(Extracted data entries)
⁂

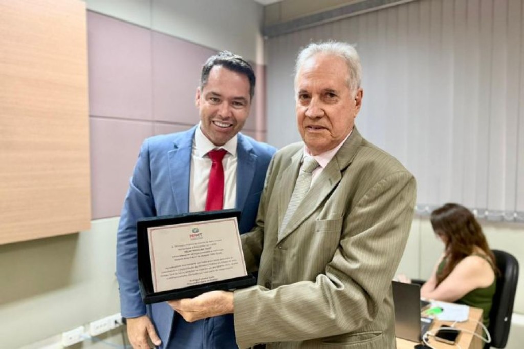 O Ministério Público de Mato Grosso (MPMT) prestou, nesta quinta-feira (5), uma homenagem ao procurador de Justiça Hélio Fredolino Faust, que se aposenta após quase quatro décadas de dedicação à instituição. A celebração ocorreu durante a reunião ordinária do Colégio de Procuradores de Justiça e foi marcada por depoimentos emocionados e reconhecimento coletivo à trajetória do membro que se tornou referência técnica e humana dentro do Ministério Público.Em discurso, o procurador-geral de Justiça, Rodrigo Fonseca Costa, enfatizou o papel fundamental exercido por Hélio ao longo de quase 40 anos de atuação, citando passagens por funções estratégicas, como a coordenação do Núcleo de Ações de Competência Originária (Naco), a atuação como procurador-geral adjunto, subprocurador-geral administrativo, integrante de comissões e de inúmeros órgãos deliberativos, além de sua participação recorrente no Conselho Superior do Ministério Público.Segundo o procurador-geral, a forma como o colega conduziu a Corregedoria se tornou um marco na instituição. “Sua liderança firme, mas sempre acolhedora, transformou a cultura correcional deste Ministério Público e nos ensinou que é possível ser exigente sem deixar de ser humano”, afirmou.O procurador de Justiça Paulo Roberto Jorge do Prado relembrou sua passagem por Sinop e destacou a importância do trabalho deixado na comarca. “Foi o primeiro promotor de Sinop. Muitas das suas peças me salvaram. Eu fui promotor em Sinop, garoto novo, com pouca experiência, e várias vezes tive que recorrer ao arquivo para consultar suas denúncias e memoriais”, relatou.Para o procurador de Justiça Mauro Benedito Pouso Curvo faltavam palavras para expressar a admiração e o respeito pelo colega. “O senhor é uma pessoa que a todos nós inspira”, declarou. Já a procuradora de Justiça Eliana Cícero de Sá Maranhão Ayres Campos destacou a amizade que construiu com Hélio e reforçou que ele deixa uma história significativa no Ministério Público. A procuradora de Justiça Esther Louise Asvolinsque Peixoto também prestou sua homenagem, dizendo que recebeu de Deus o privilégio de conhecê-lo e tê-lo como exemplo. “O senhor me deu exemplos que nunca vou esquecer”, afirmou.O procurador de Justiça Hélio Fredolino Faust, cuja trajetória é marcada por quase quatro décadas de serviços prestados ao Ministério Público de Mato Grosso, foi o primeiro promotor a atuar na comarca de Sinop, ele ajudou a estruturar a atuação ministerial na região e deixou contribuições que se tornaram referência para gerações de membros.O procurador ingressou na instituição em 1985, como promotor de Justiça em Sinop, e foi promovido por antiguidade para Diamantino (1987), Barra do Garças (1988) e, posteriormente, para Cuiabá, em 1990. Em 1997, alcançou o cargo de procurador de Justiça, consolidando-se como um dos nomes mais respeitados da carreira.
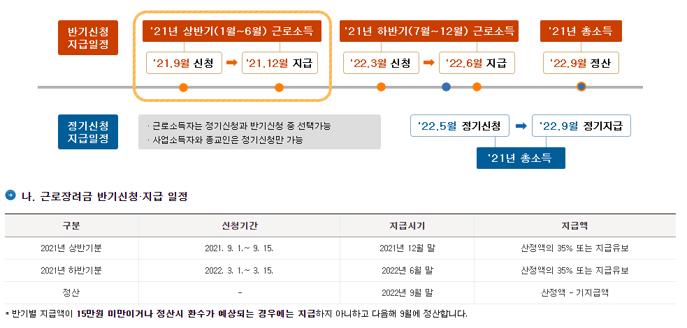 21년 상반기는 끝났고 21년 하반기에 대한 반기 신청이 가능합니다. 신청일은 22년 3월 1일 부터 15일까지이며 지급은 22년 6월 말에 받으실 수 있습니다. 혹시나 휴직으로 인해 잊어버리셨다면 22년 5월에 21년도 총소득에 대한 정기신청을 진행하시면 됩니다. 저도 생각해 보니 백수라 신청을 안 하고 있었네요. 다들 조금이나마 보탬이 되도시길 바랍니다.
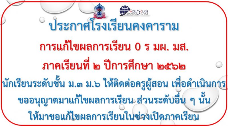 การขอแก้ไขผลการเรียน 0 ร มผ. มส. ภาคเรียนที่ ๒ ปีการศึกษา ๒๕๖๒ นักเรียนระดับชั้น ม.๓ และ ม.๖ ให้ติดต่อครูผู้สอน เพื่อดำเนินการขออนุญาตมาแก้ไขผลการเรียน ส่วนระดับ ม.๑ ม.๒ ม.๔ และ ม.๕ นั้น ให้มาขอแก้ไขผลการเรียนในช่วงเปิดภาคเรียน
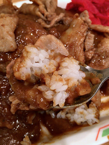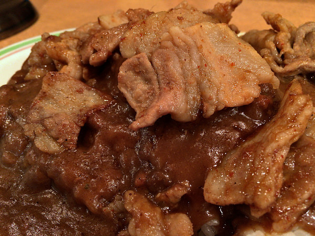 スタミナ肉は厚めのバラを生姜醤油ダレで炒めたもの。ドロリとしたルウと一緒に食べると。。。この背徳感たまらんねw
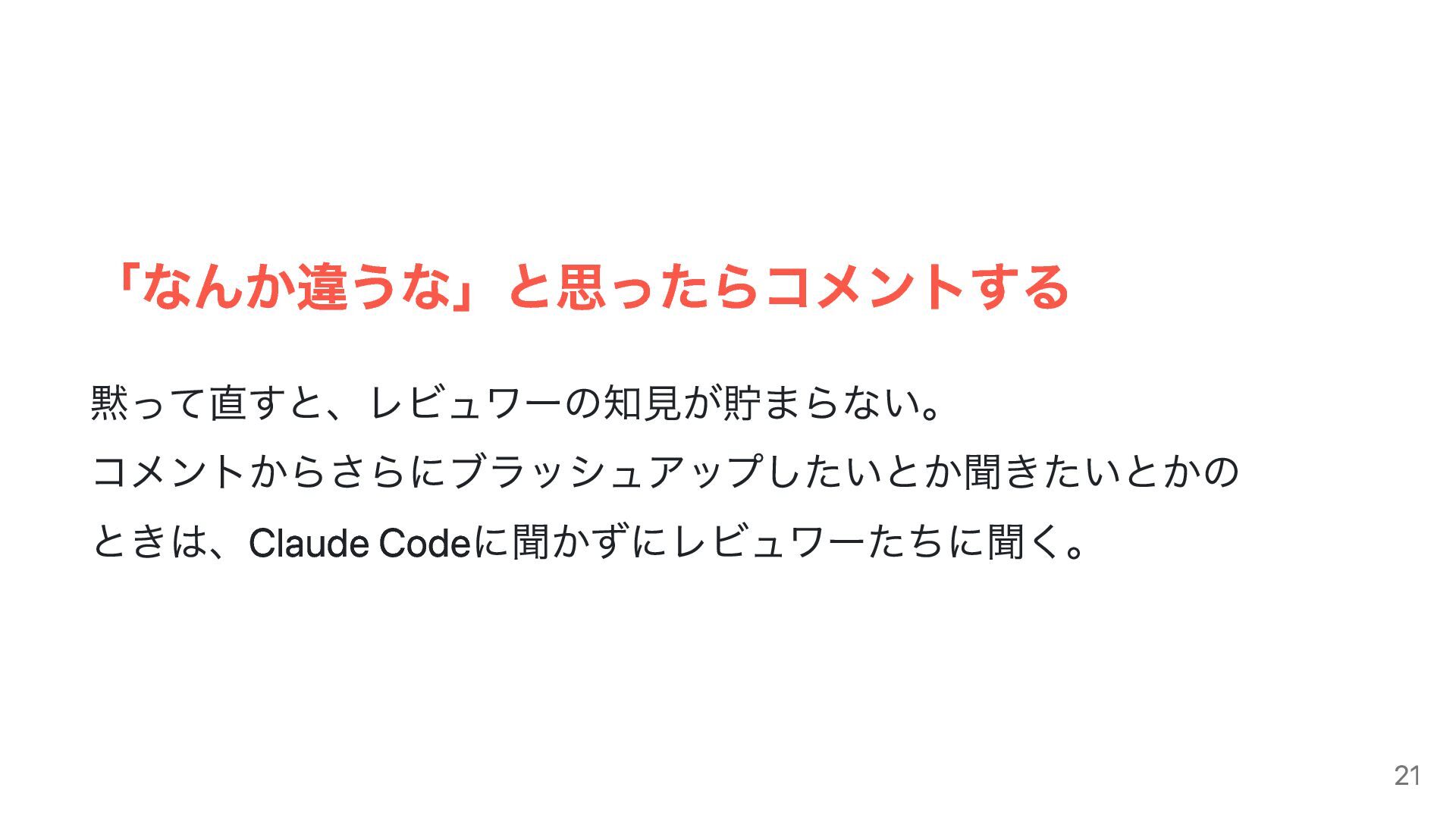 「なんか違うな」と思ったらコメントする 黙って直すと、レビュワーの知見が貯まらない。 コメントからさらにブラッシュアップしたいとか聞きたいとかの ときは、Claude Codeに聞かずにレビュワーたちに聞く。 21

⁂

* **TASK OBJECTIVE**
A word-for-word copy is required of the lines above from the line with "การขอแก้ไขผลการเรียน 0 ร" through the last line of the data; no other lines and no pictures belong in it.

* **SOLUTION FOR THIS EXERCISE**
 การขอแก้ไขผลการเรียน 0 ร มผ. มส. ภาคเรียนที่ ๒ ปีการศึกษา ๒๕๖๒ นักเรียนระดับชั้น ม.๓ และ ม.๖ ให้ติดต่อครูผู้สอน เพื่อดำเนินการขออนุญาตมาแก้ไขผลการเรียน ส่วนระดับ ม.๑ ม.๒ ม.๔ และ ม.๕ นั้น ให้มาขอแก้ไขผลการเรียนในช่วงเปิดภาคเรียน
 スタミナ肉は厚めのバラを生姜醤油ダレで炒めたもの。ドロリとしたルウと一緒に食べると。。。この背徳感たまらんねw
 「なんか違うな」と思ったらコメントする 黙って直すと、レビュワーの知見が貯まらない。 コメントからさらにブラッシュアップしたいとか聞きたいとかの ときは、Claude Codeに聞かずにレビュワーたちに聞く。 21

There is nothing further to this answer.